What needs to be done
Required from the data below: the exact lines starting at the line containing "小朱向男主播刷100个高阶礼物。直播间截图" and ending at the line containing "Lane Lexington Jet", with both ends kept and all pictures dropped.

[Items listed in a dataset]

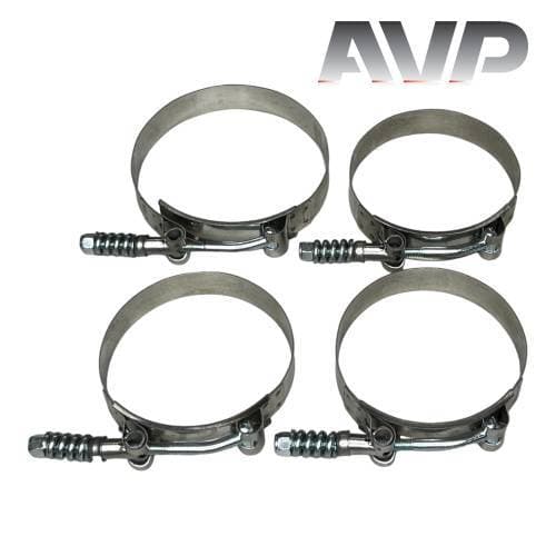 Features stainless steel T-bolt spring tension clamps for secure and durable connections, ensuring optimal reliability under harsh conditions.
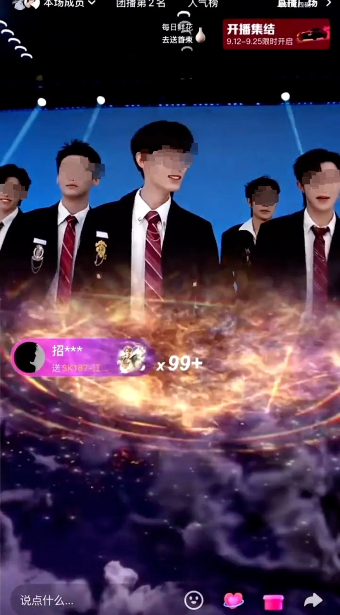 小朱向男主播刷100个高阶礼物。直播间截图
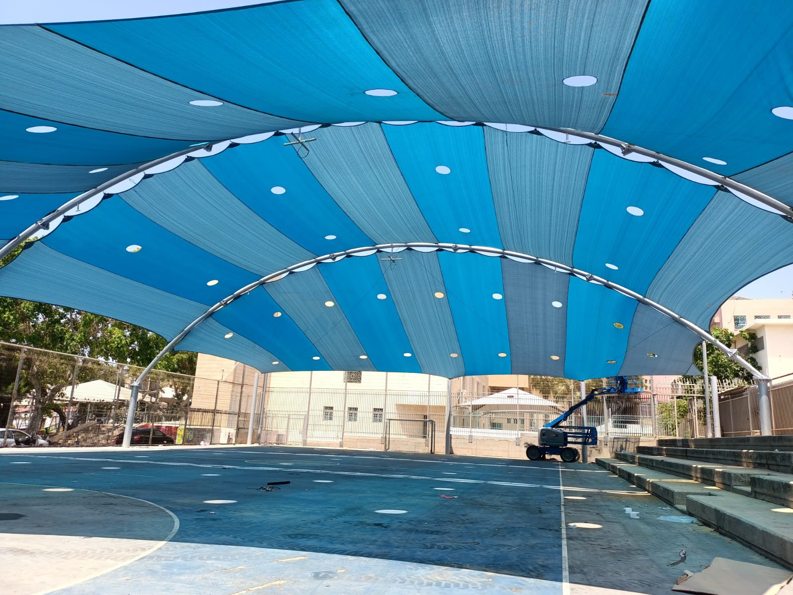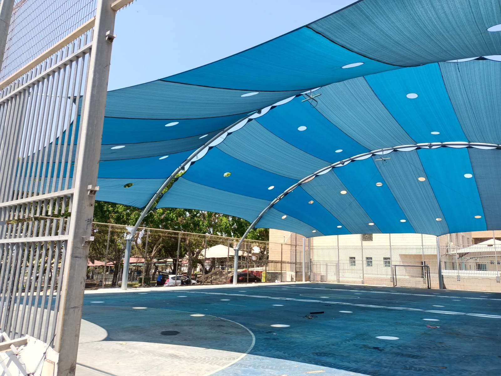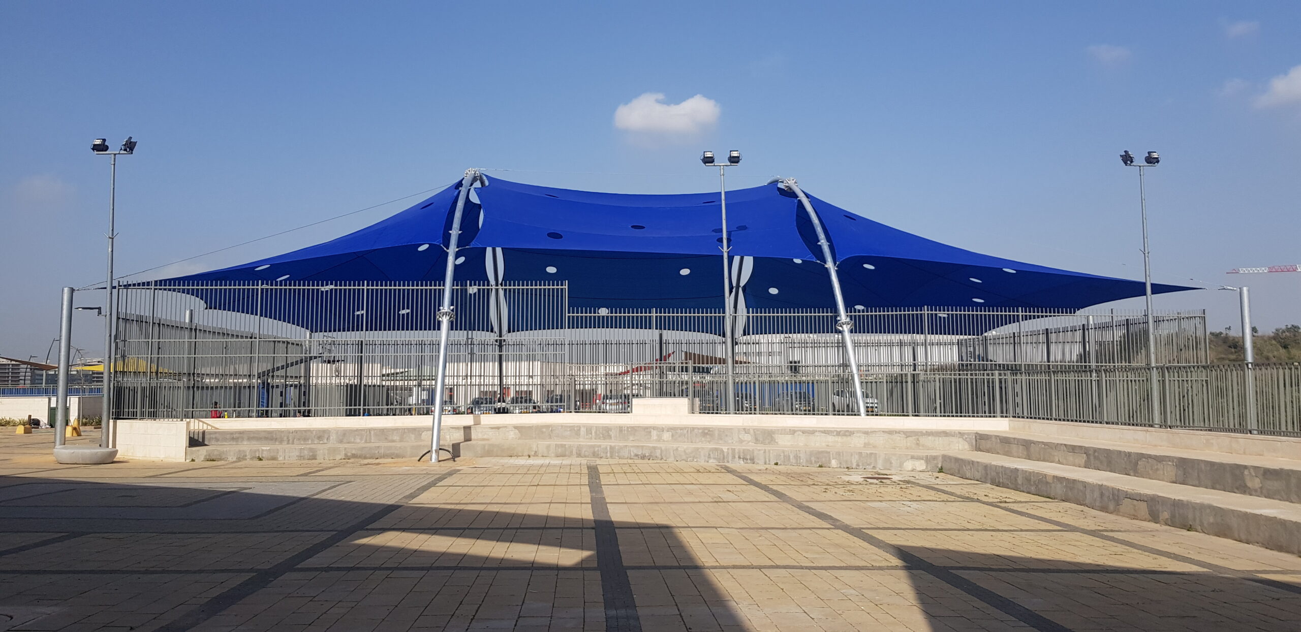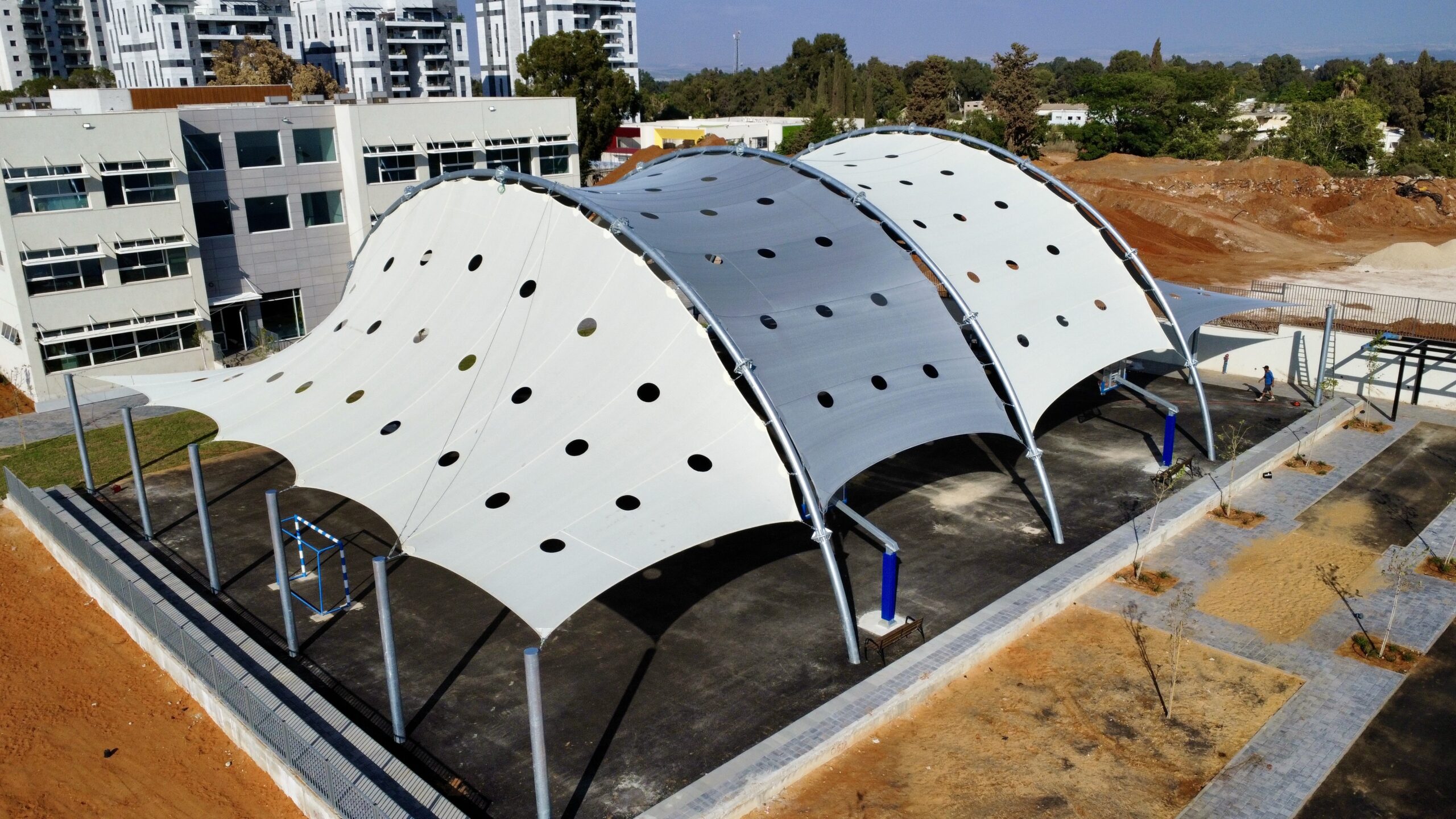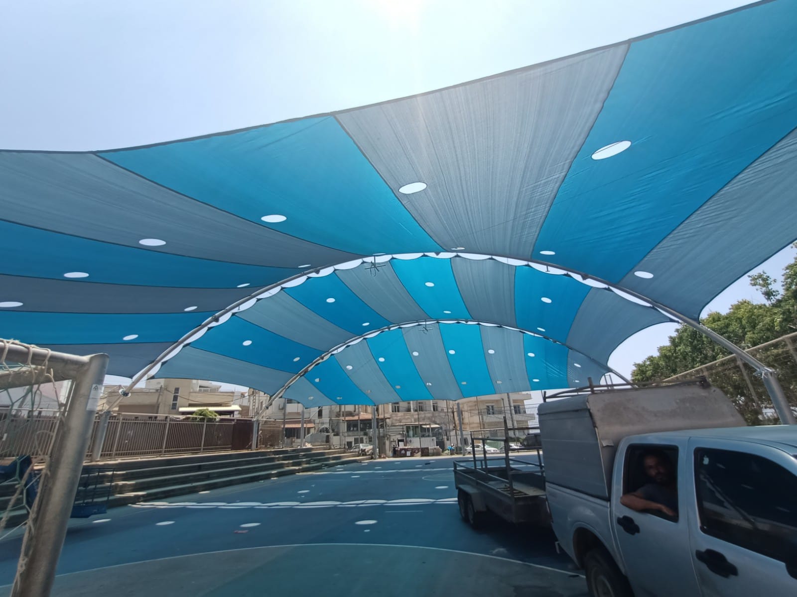 שיטת הצללה זו מיועדת למגרשי ספורט לכיסוי שטח גדול ונרחב במיוחד כיחידת הצללה אחת גדולה .
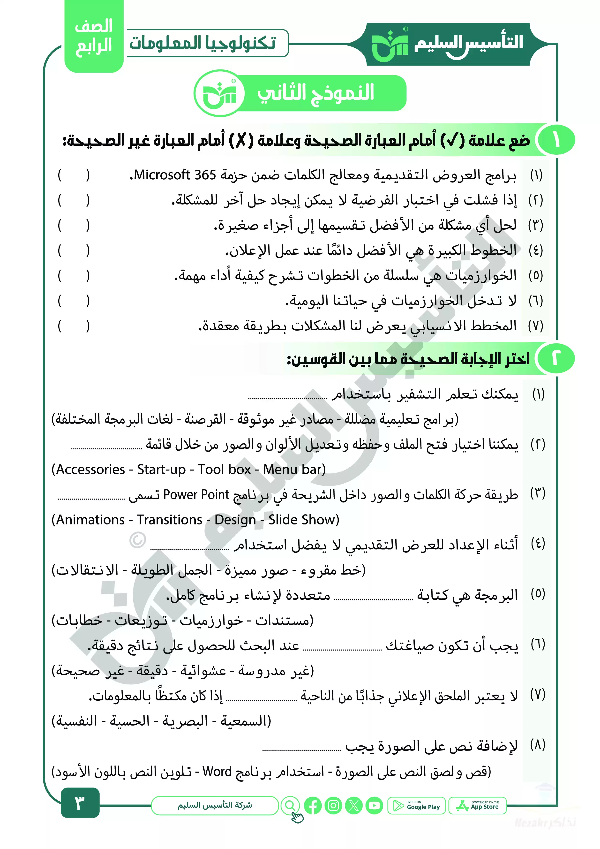 صفحة 3 من 21 صفحة من ملف: مراجعة شهر ابريل في تكنولوجيا المعلومات والاتصالات للصف الرابع الابتدائي من التأسيس السليم - Nezakr
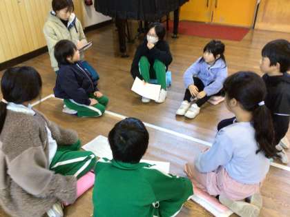 今日の対話集会では、出題者が想像している「もの」について、質問を繰り返しながら答えを探すトレーニングをしました。質問をする子は「はい」「いいえ」で答えられるような質問を考えたり、他の子の質問もしっかり聞いて答えを探したりしていました。出題者は、高学年の児童のアドバイスを聞きながら、問題や答え方を考えていました。みんなを答えに導くような質問を考えていた子もいました。全校で活動を振り返った時には、グループの中のどの子の質問で答えがわかるようになったのか伝えていた子もいました。
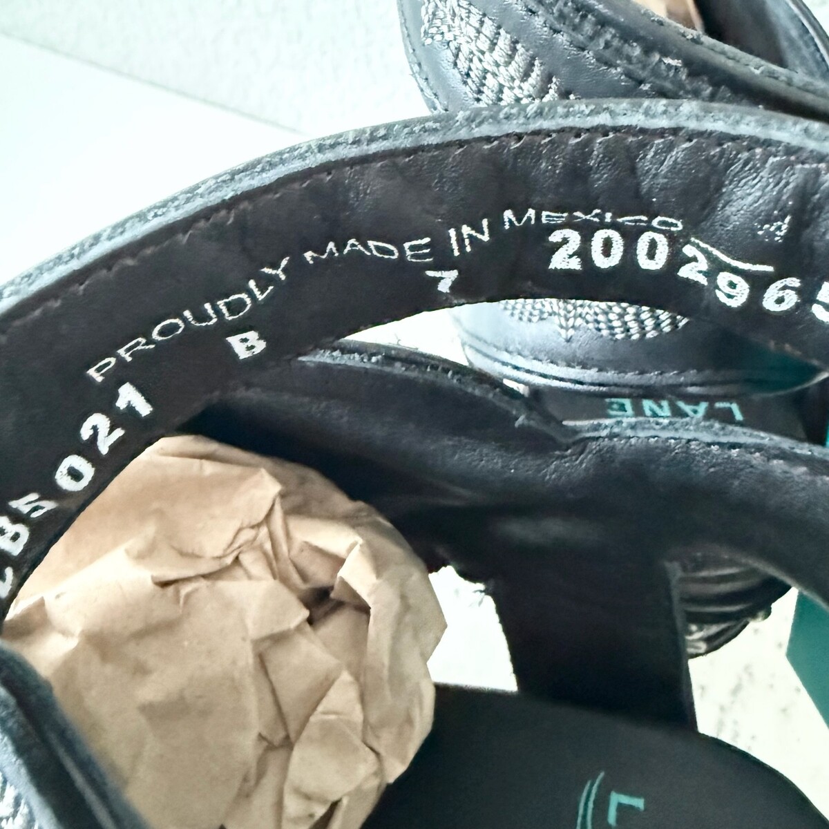 Lane Lexington Jet Black Leather Western Wedges Sandals Wood Heel Womens Size 7
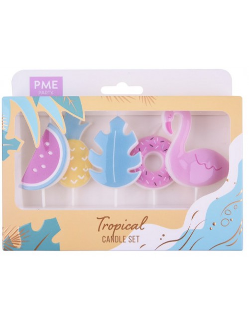 Pack de 5 velas temática tropical: 1x Donut, 1x Piña, 1x Hoja tropical, 1x Flamenco, 1x Sandía
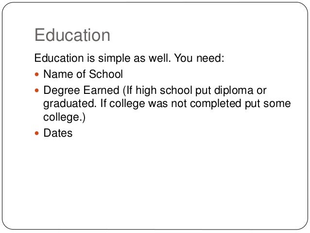 Thats all there is to it. There are a variety of options you can use to list your college education when you didnt graduate. If you attended college but didnt graduate you can still list your education on your resume. How to list education on a resume if youre still in college never graduated from college or did graduate from college. Recent graduate 1 5 years if youve recently graduated place your education section before or in line with your work experience. When add education to your resume even if you didnt graduate.

Task result
 小朱向男主播刷100个高阶礼物。直播间截图
 שיטת הצללה זו מיועדת למגרשי ספורט לכיסוי שטח גדול ונרחב במיוחד כיחידת הצללה אחת גדולה .
 صفحة 3 من 21 صفحة من ملف: مراجعة شهر ابريل في تكنولوجيا المعلومات والاتصالات للصف الرابع الابتدائي من التأسيس السليم - Nezakr
 今日の対話集会では、出題者が想像している「もの」について、質問を繰り返しながら答えを探すトレーニングをしました。質問をする子は「はい」「いいえ」で答えられるような質問を考えたり、他の子の質問もしっかり聞いて答えを探したりしていました。出題者は、高学年の児童のアドバイスを聞きながら、問題や答え方を考えていました。みんなを答えに導くような質問を考えていた子もいました。全校で活動を振り返った時には、グループの中のどの子の質問で答えがわかるようになったのか伝えていた子もいました。
 Lane Lexington Jet Black Leather Western Wedges Sandals Wood Heel Womens Size 7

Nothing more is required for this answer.